Он был среди участников «Хартии-88», название которой (некоторые комментаторы консервативного толка находили в нем «тщеславие») стало данью памяти и уважения великой хартии свобод, «Хартии-77», обнародованной чехословацкими диссидентами за одиннадцать лет до того. О создании «Хартии-88», призывавшей к конституциональной реформе в стране, было объявлено в конце ноября на пресс-конференции в палате общин. Из сколько-нибудь заметных британских политиков на ней присутствовал только Робин Кук, будущий министр иностранных дел в правительстве лейбористов. Дело происходило в самый разгар правления Тэтчер, и поэтому лидер Лейбористской партии Нил Киннок в частном порядке отозвался о «Хартии-88» как о кучке «придурков, нытиков и слюнтяев».

Их с Куком политические взгляды были во многом близки, на этой почве между ними завязалось знакомство. Одиннадцать лет спустя оно сыграло определенную роль в разрешении международного кризиса вокруг «Шайтанских аятов». Робин Кук, заняв пост министра иностранных дел в правительстве Тони Блэра, положил немало сил на урегулирование проблемы и, при активном участии своего заместителя Дерека Фатчетта, добился-таки успехов.


Заканчивался год плохо. 2 декабря демонстрация против «Шайтанских аятов» прошла в Брадфорде, городе с самой многочисленной в Британии мусульманской общиной. 3 декабря Клариссе впервые угрожали по телефону. 4 декабря, в день ее сорокалетия, ей снова позвонил неизвестный и сказал в трубку: «Салман Рушди, жди нас сегодня ночью на Берма-роуд, 60». Это был домашний адрес Клариссы. Она позвонила в полицию, и у нее дома всю ночь дежурили полицейские.

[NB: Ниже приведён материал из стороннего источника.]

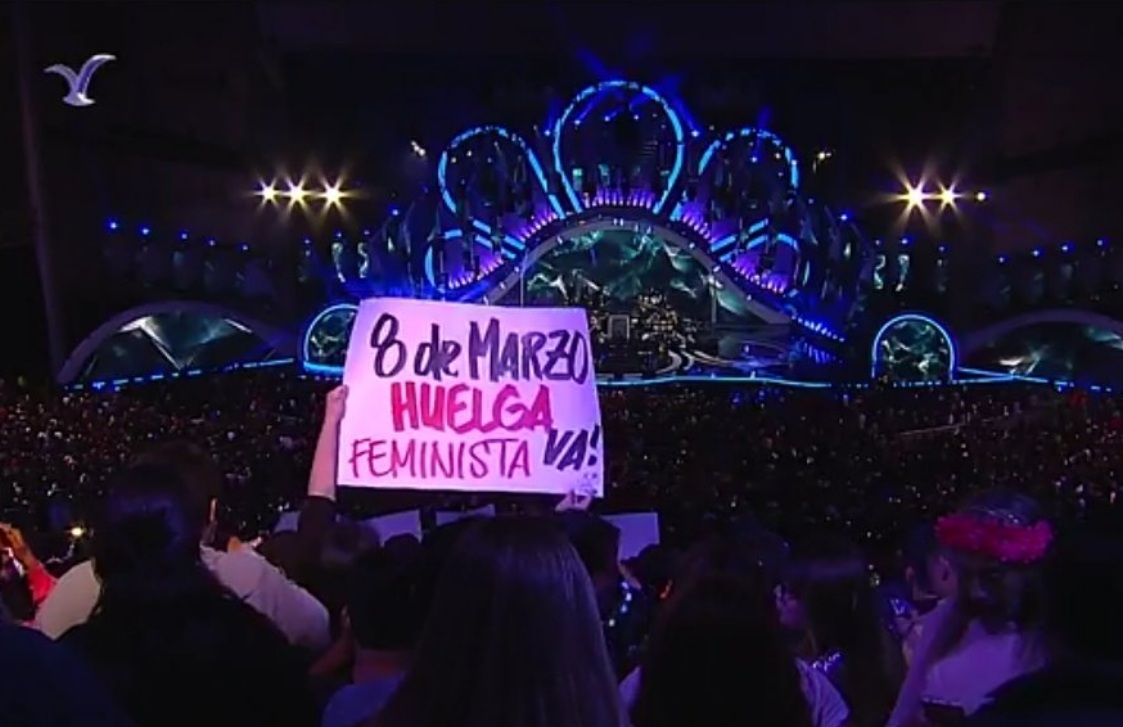 Desde el festival de viña del mar con fuerza decimos a Chile y toda América Latina: el 8 de marzo, día internacional de la mujer trabajadora #LaHuelgaFeministaVa Juntas exigimos una sociedad justa para todxs#VinaPorTVN pic.twitter.com/wiRcz1pTpX— Coordinadora Feminista 8M (@Coordinadora8m) February 27, 2019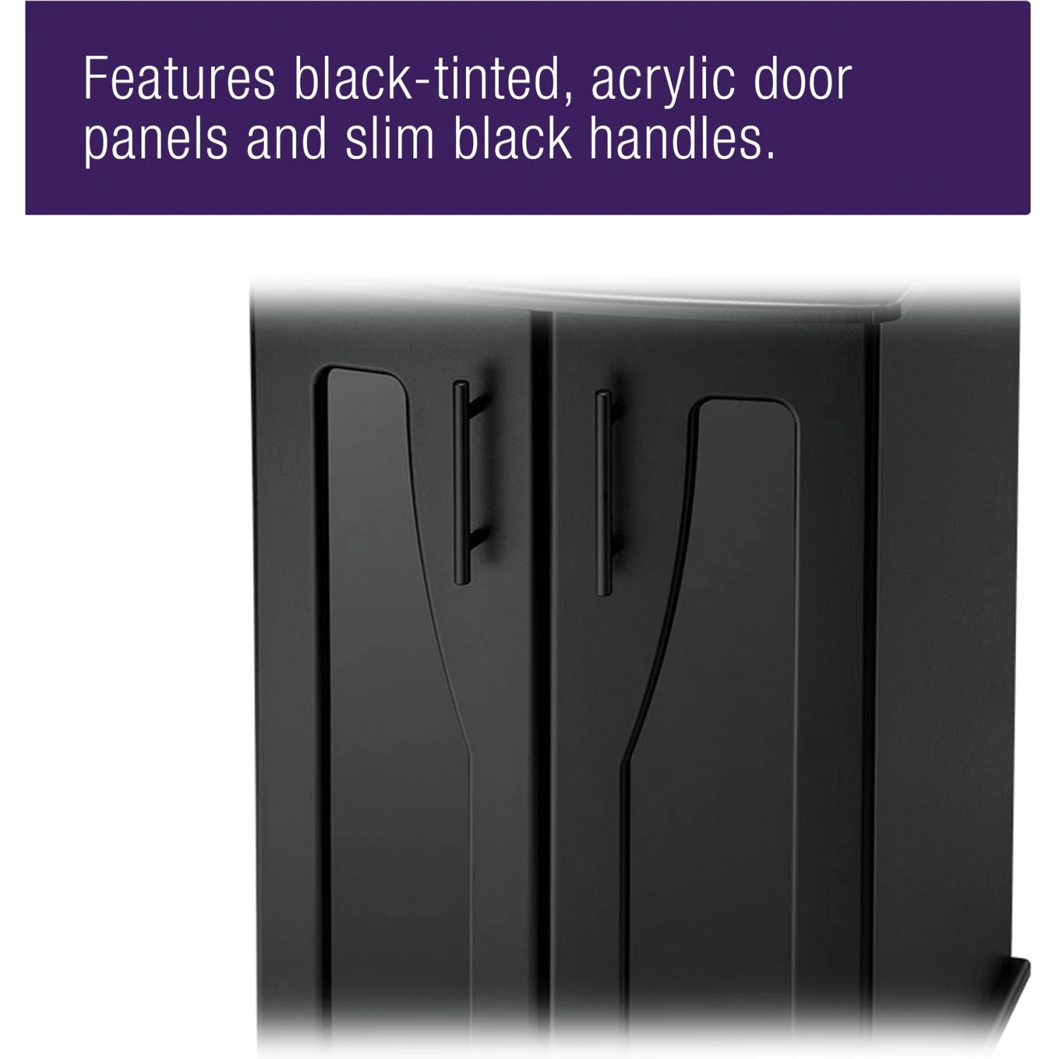 - Features a door with a black tinted acrylic panel for added elegance and a slim handle.

Никто к ней не пришел. Неприятные переживания оставили еще одну царапину у нее на сердце.

28 декабря в редакцию «Вайкинга» снова звонили, пугали заложенной бомбой. Эндрю Уайли сообщил ему об этом по телефону, а затем сказал: «Со страхом теперь приходится считаться».

А потом наступил 1989 год, переменивший всю его жизнь.

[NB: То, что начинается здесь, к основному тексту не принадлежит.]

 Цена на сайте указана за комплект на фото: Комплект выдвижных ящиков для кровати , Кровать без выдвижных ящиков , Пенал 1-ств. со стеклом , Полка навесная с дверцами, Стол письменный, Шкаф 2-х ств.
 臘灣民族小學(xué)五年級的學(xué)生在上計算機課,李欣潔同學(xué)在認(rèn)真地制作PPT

В тот день, когда сожгли его книгу, он повез свою американскую жену смотреть Стоунхендж. До него дошли слухи о том, что затевалось в Брадфорде, и какая-то часть его «я» бурно против этого протестовала. Но ему не хотелось просидеть весь день на месте, дожидаясь, пока все кончится, чтобы потом отвечать на предсказуемые вопросы журналистов, не хотелось выставлять себя рабом уродливых обстоятельств. Несмотря на пасмурную погоду, они отправились к древним камням. Гальфрид Монмутский пишет, что Стоунхендж силой волшебства построил Мерлин. Как источник Гальфрид большого доверия не внушает, но его версия симпатичнее, чем объяснения археологов, которые считают Стоунхендж то ли кладбищем, то ли капищем друидов. Он гнал машину и старался выкинуть из головы мысли о друидах. Всем религиозным культам, большим и малым, место в мусорной корзине истории — вот нашелся бы кто-нибудь, кто отправил бы их туда вместе с остальными детскими пережитками человечества, вроде плоской Земли или, скажем, луны, сделанной из головки сыра.

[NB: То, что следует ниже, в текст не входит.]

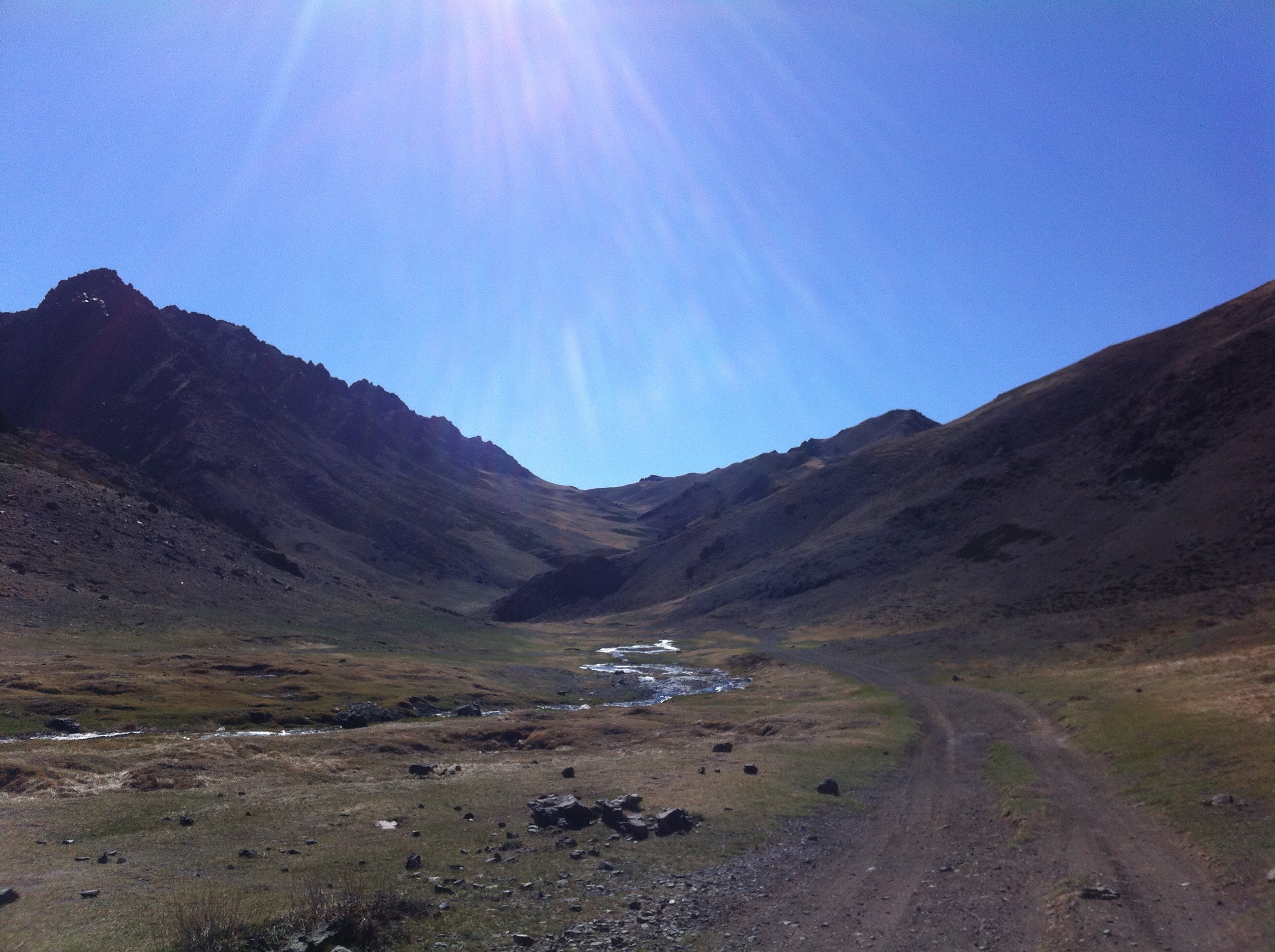 When we reached the trail head, we all got out and found ourselves surrounded by hills and mountains. Khulaan told us to follow her and like good children we did. It felt good to stretch out my legs after 3 days of long car rides. At first we were in a valley of grass and walked along a dirt road, I spent most of the time with my head cranked upwards. The mountains were beautiful and the rock faces made me want to go rock climbing again! Khulaan lead us to a stream that had a trail and this trail lead us deeper into the canyon. By this time, I separated myself from the boys and Khulaan and was able to appreciate all the sounds. The stream was calming and the wind was whistling. The stream got smaller and smaller, until it was completely covered in ice. I learned quickly why this place is called Ice Valley.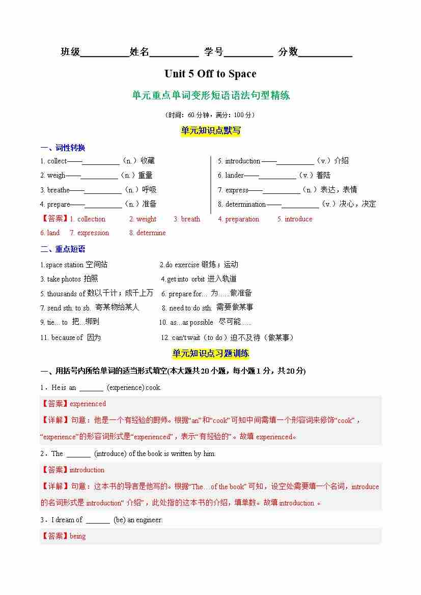 Unit 5 Off to Space单元重点单词,词性转换,短语,语法,句型精练(教师版)

Мэриан была в полном своем великолепии. В иной день она, бывало, даже пугала его своим выкрученным на максимум великолепием. Родом она была из Ланкастера, Пенсильвания, но на тамошних амишей не походила ни капли. Что бы она ни делала, во всем проявлялся ее собственный, вызывающе яркий стиль. Как-то, когда их пригласили в Букингемский дворец на прием на открытом воздухе, она вместо платья надела черную с блеском комбинацию, поверх накинула эффектное болеро, а голову украсила миниатюрной шляпкой. Лифчик она, вопреки настояниям дочери, надевать не стала. Так он и прохаживался по дворцовым лужайкам с женой, облаченной в нижнее белье без лифчика. Особы королевских кровей в уборах чистых основных цветов стояли в окружении обступивших их толпами гостей — как у скаковых лошадей, у каждой особы был свой огороженный загон. Самые большие скопления народа окружали королеву и Чарльза с Дианой, а фан-клуб принцессы Маргарет оказался до обидного жидким. «А вот интересно, — сказала Мэриан, — что там у королевы в сумочке?» Вопрос им обоим показался забавным, и они вдоволь посмеялись, придумывая, что она могла бы туда положить. Скажем, баллончик со слезоточивым газом. Или тампоны. Но только не деньги. Не таскать же с собой свои собственные портреты.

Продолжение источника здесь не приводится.